> What you are asked to do
Quote the data below in full, minus the images.

> Material provided
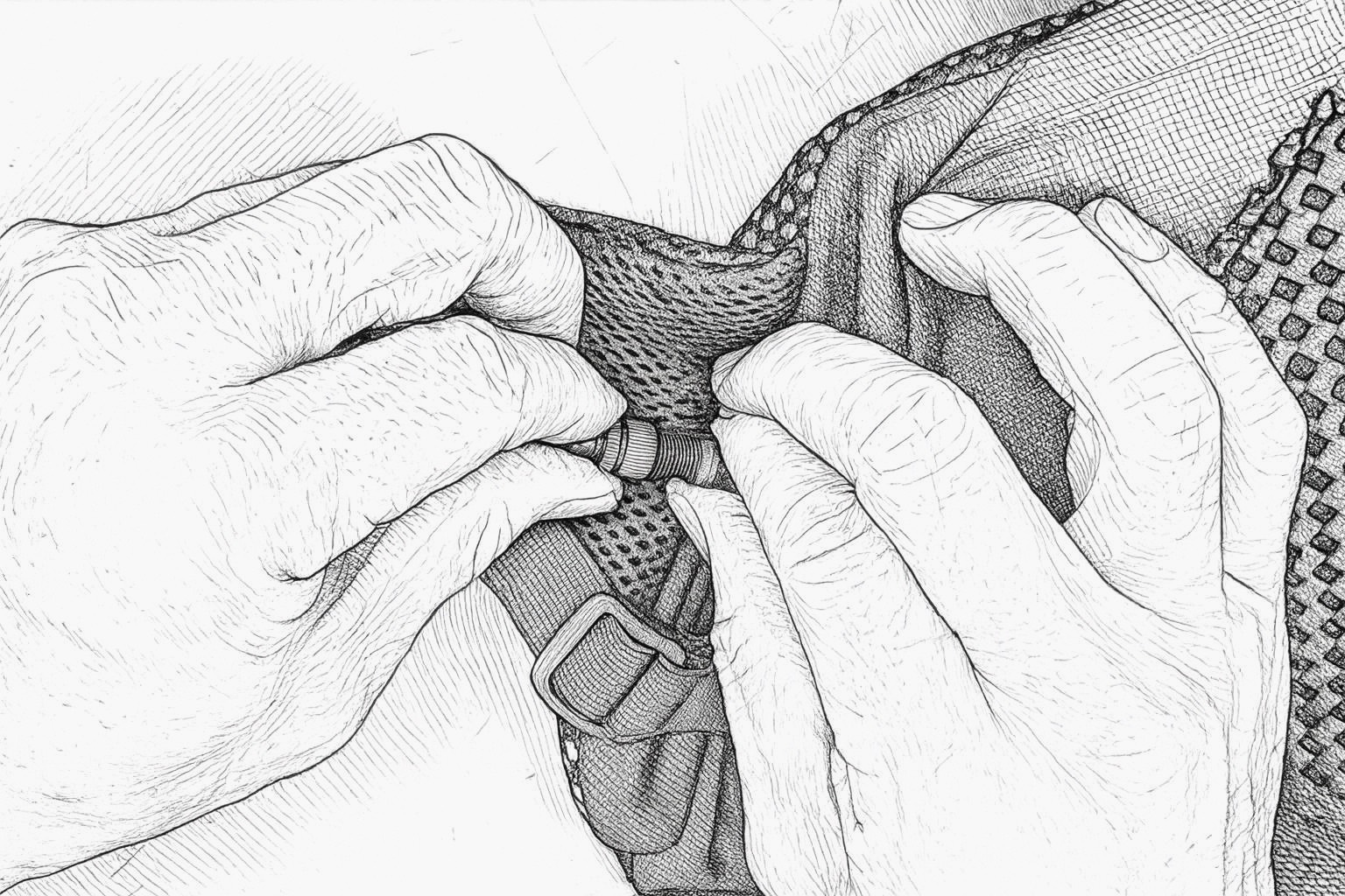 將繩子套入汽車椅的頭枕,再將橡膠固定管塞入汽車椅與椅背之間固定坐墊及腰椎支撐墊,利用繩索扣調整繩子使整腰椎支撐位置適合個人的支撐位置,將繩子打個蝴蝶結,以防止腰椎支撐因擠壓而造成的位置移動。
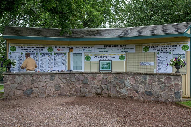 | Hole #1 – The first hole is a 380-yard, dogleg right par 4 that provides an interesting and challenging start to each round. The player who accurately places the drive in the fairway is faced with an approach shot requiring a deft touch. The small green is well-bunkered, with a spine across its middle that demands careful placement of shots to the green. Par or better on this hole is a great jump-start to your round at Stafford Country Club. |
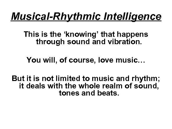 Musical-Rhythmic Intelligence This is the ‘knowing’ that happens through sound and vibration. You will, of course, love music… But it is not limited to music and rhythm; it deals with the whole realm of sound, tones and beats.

> Answer to this exercise
 將繩子套入汽車椅的頭枕,再將橡膠固定管塞入汽車椅與椅背之間固定坐墊及腰椎支撐墊,利用繩索扣調整繩子使整腰椎支撐位置適合個人的支撐位置,將繩子打個蝴蝶結,以防止腰椎支撐因擠壓而造成的位置移動。
 | Hole #1 – The first hole is a 380-yard, dogleg right par 4 that provides an interesting and challenging start to each round. The player who accurately places the drive in the fairway is faced with an approach shot requiring a deft touch. The small green is well-bunkered, with a spine across its middle that demands careful placement of shots to the green. Par or better on this hole is a great jump-start to your round at Stafford Country Club. |
 Musical-Rhythmic Intelligence This is the ‘knowing’ that happens through sound and vibration. You will, of course, love music… But it is not limited to music and rhythm; it deals with the whole realm of sound, tones and beats.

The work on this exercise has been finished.